• What to produce
Every line of the records below from the line with "広い体育館の中で、たくさんの" up to and including the line with "AQA A-level MATHEMATICS" must be reproduced exactly, and no line outside that range.

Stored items
* * * * *

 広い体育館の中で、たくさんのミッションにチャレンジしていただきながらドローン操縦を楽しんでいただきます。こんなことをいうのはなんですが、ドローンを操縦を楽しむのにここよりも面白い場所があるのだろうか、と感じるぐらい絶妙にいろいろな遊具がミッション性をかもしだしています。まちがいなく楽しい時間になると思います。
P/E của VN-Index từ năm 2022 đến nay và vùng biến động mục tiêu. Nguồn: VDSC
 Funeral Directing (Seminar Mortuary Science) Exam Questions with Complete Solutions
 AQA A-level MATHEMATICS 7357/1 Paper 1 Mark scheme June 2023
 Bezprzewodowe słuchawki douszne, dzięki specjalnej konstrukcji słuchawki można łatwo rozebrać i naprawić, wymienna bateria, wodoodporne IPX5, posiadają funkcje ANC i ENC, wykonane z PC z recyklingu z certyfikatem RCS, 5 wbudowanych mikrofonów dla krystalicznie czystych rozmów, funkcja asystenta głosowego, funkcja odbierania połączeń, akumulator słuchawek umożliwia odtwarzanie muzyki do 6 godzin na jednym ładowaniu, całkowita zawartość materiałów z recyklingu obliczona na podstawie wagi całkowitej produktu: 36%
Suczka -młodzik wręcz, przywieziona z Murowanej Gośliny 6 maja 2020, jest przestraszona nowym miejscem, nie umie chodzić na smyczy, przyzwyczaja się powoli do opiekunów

* * * * *

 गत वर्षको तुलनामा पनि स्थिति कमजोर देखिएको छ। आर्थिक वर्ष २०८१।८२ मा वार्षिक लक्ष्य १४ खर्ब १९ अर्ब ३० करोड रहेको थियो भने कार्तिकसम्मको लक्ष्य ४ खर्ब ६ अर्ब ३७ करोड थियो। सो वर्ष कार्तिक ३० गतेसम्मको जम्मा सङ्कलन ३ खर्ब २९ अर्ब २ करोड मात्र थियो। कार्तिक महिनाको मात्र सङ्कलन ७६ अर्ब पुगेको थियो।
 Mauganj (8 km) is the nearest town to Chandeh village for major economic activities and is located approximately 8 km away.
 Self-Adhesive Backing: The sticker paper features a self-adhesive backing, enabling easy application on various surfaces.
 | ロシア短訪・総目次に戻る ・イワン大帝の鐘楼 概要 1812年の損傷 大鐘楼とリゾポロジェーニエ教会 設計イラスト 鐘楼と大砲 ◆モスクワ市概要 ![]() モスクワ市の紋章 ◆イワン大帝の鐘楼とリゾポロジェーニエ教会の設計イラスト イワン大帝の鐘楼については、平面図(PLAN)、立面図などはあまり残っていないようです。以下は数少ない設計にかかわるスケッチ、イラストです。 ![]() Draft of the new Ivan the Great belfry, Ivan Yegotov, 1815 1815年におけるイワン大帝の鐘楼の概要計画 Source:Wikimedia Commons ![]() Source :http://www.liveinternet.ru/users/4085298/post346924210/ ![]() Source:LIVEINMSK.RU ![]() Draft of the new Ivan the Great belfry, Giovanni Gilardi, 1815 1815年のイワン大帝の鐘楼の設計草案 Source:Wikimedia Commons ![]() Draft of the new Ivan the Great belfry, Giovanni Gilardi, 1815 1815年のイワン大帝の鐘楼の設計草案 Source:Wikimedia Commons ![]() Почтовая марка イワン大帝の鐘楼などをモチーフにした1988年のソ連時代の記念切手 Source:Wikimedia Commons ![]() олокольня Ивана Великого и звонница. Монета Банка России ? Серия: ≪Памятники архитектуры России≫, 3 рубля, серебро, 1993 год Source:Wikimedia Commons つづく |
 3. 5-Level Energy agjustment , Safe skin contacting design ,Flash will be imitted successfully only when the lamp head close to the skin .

* * * * *

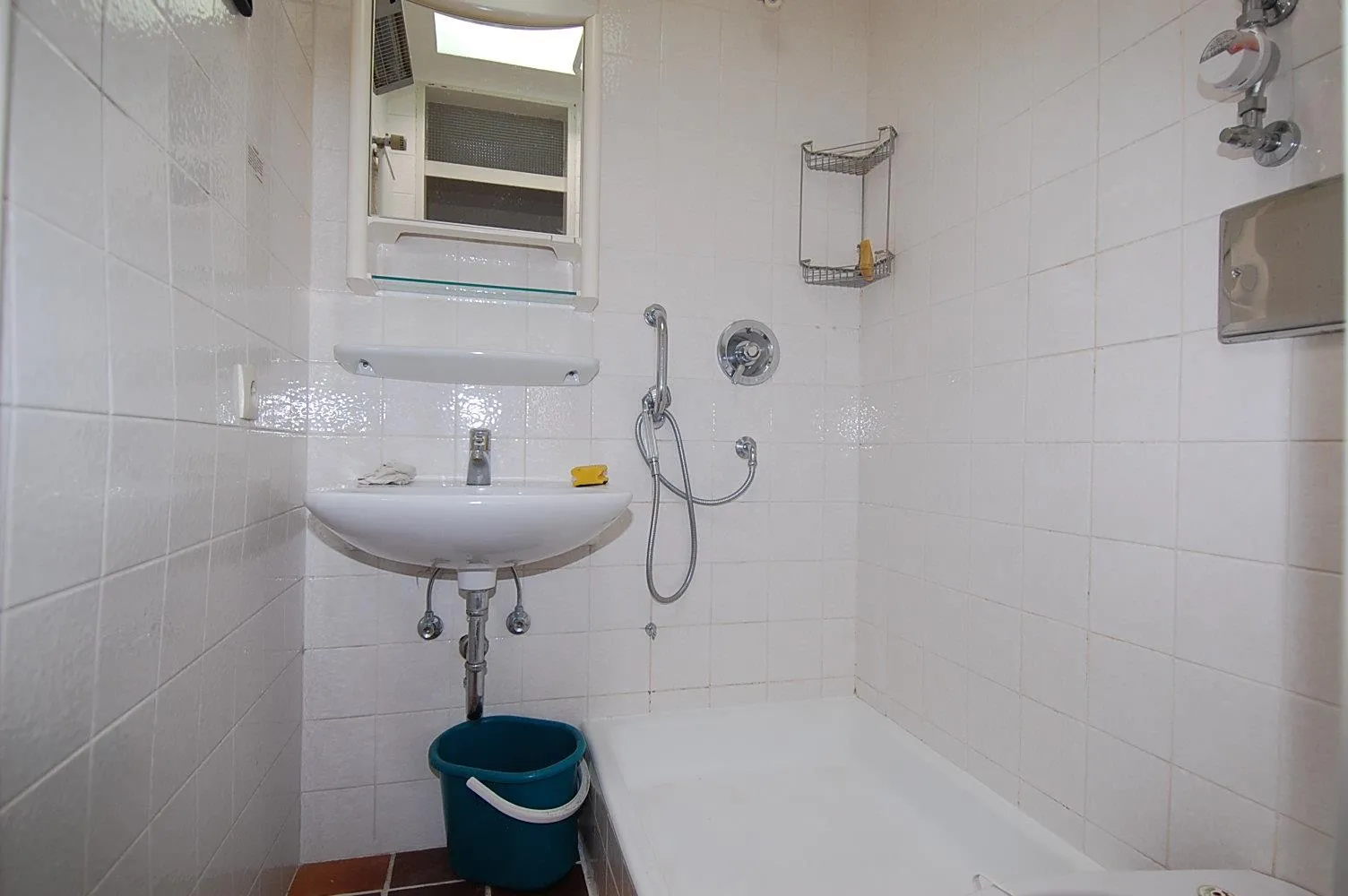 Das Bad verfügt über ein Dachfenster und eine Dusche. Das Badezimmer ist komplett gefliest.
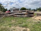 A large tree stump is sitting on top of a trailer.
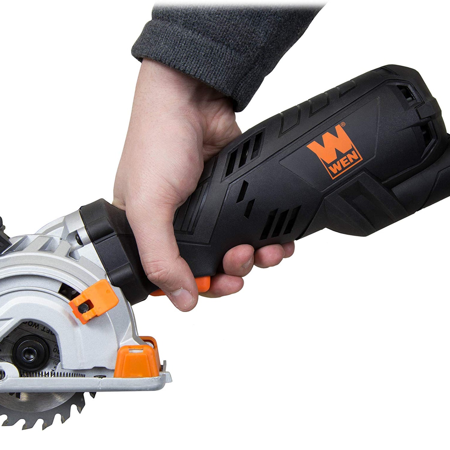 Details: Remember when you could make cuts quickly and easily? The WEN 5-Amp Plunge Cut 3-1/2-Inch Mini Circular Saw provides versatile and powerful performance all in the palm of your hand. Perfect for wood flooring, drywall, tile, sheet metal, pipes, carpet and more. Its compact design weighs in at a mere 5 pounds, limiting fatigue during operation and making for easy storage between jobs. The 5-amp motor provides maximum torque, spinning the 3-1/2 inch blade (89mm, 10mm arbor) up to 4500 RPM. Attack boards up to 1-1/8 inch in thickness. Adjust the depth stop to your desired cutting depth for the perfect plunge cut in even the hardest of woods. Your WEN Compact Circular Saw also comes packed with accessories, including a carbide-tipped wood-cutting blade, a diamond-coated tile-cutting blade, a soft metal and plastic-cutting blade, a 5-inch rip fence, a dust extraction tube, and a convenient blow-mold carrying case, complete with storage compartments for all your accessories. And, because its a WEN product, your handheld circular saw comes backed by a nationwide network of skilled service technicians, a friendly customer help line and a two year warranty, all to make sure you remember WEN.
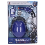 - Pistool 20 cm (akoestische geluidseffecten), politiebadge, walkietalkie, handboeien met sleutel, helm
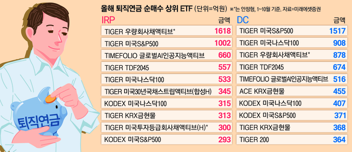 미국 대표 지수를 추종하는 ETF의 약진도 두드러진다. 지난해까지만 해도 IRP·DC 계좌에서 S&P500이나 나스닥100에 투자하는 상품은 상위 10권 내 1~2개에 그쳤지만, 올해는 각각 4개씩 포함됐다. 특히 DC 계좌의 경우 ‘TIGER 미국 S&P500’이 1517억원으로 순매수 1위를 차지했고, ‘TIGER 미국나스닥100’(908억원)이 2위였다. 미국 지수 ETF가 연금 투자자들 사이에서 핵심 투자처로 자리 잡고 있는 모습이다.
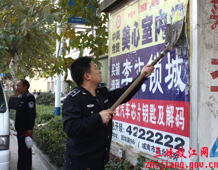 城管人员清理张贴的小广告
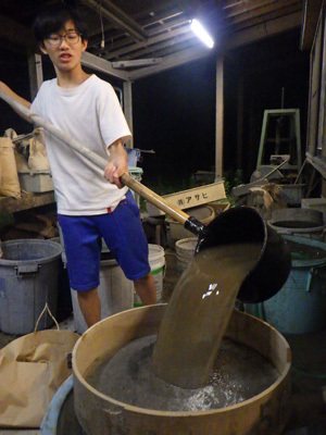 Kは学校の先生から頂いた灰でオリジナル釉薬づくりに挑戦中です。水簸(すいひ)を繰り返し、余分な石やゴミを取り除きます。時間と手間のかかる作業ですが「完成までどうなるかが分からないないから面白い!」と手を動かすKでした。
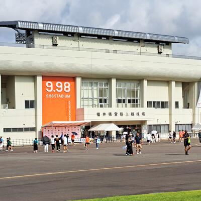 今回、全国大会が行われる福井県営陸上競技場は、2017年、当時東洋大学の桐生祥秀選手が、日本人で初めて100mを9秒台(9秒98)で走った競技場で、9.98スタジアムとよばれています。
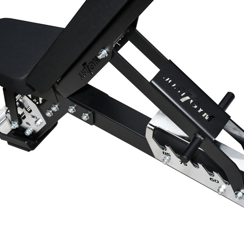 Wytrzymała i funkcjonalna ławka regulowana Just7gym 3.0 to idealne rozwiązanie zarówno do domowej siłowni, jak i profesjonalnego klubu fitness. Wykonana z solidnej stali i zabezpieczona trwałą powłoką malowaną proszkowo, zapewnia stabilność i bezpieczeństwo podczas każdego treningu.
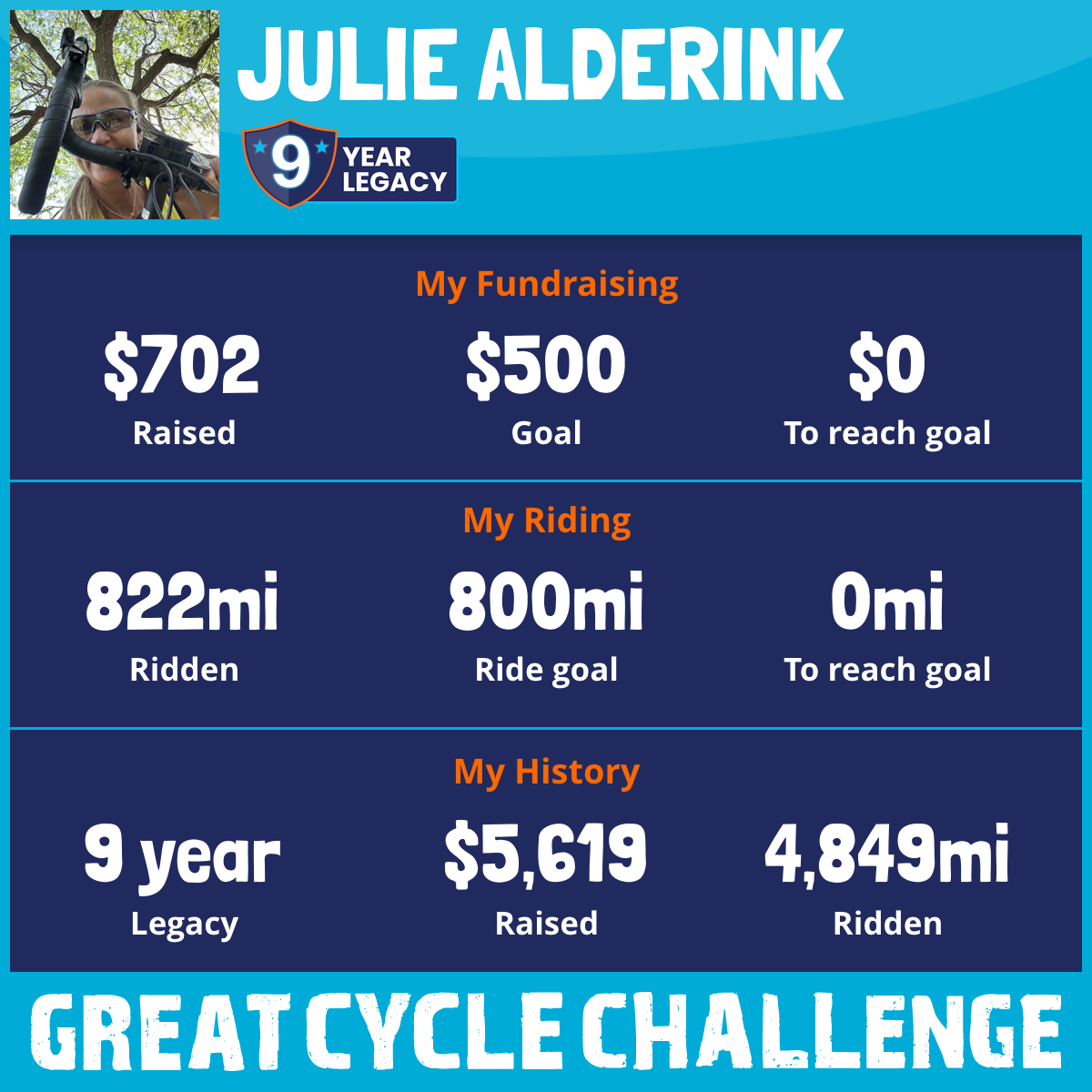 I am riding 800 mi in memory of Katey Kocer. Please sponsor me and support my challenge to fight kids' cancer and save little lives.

* * * * *

• Response to this task
 広い体育館の中で、たくさんのミッションにチャレンジしていただきながらドローン操縦を楽しんでいただきます。こんなことをいうのはなんですが、ドローンを操縦を楽しむのにここよりも面白い場所があるのだろうか、と感じるぐらい絶妙にいろいろな遊具がミッション性をかもしだしています。まちがいなく楽しい時間になると思います。
P/E của VN-Index từ năm 2022 đến nay và vùng biến động mục tiêu. Nguồn: VDSC
 Funeral Directing (Seminar Mortuary Science) Exam Questions with Complete Solutions
 AQA A-level MATHEMATICS 7357/1 Paper 1 Mark scheme June 2023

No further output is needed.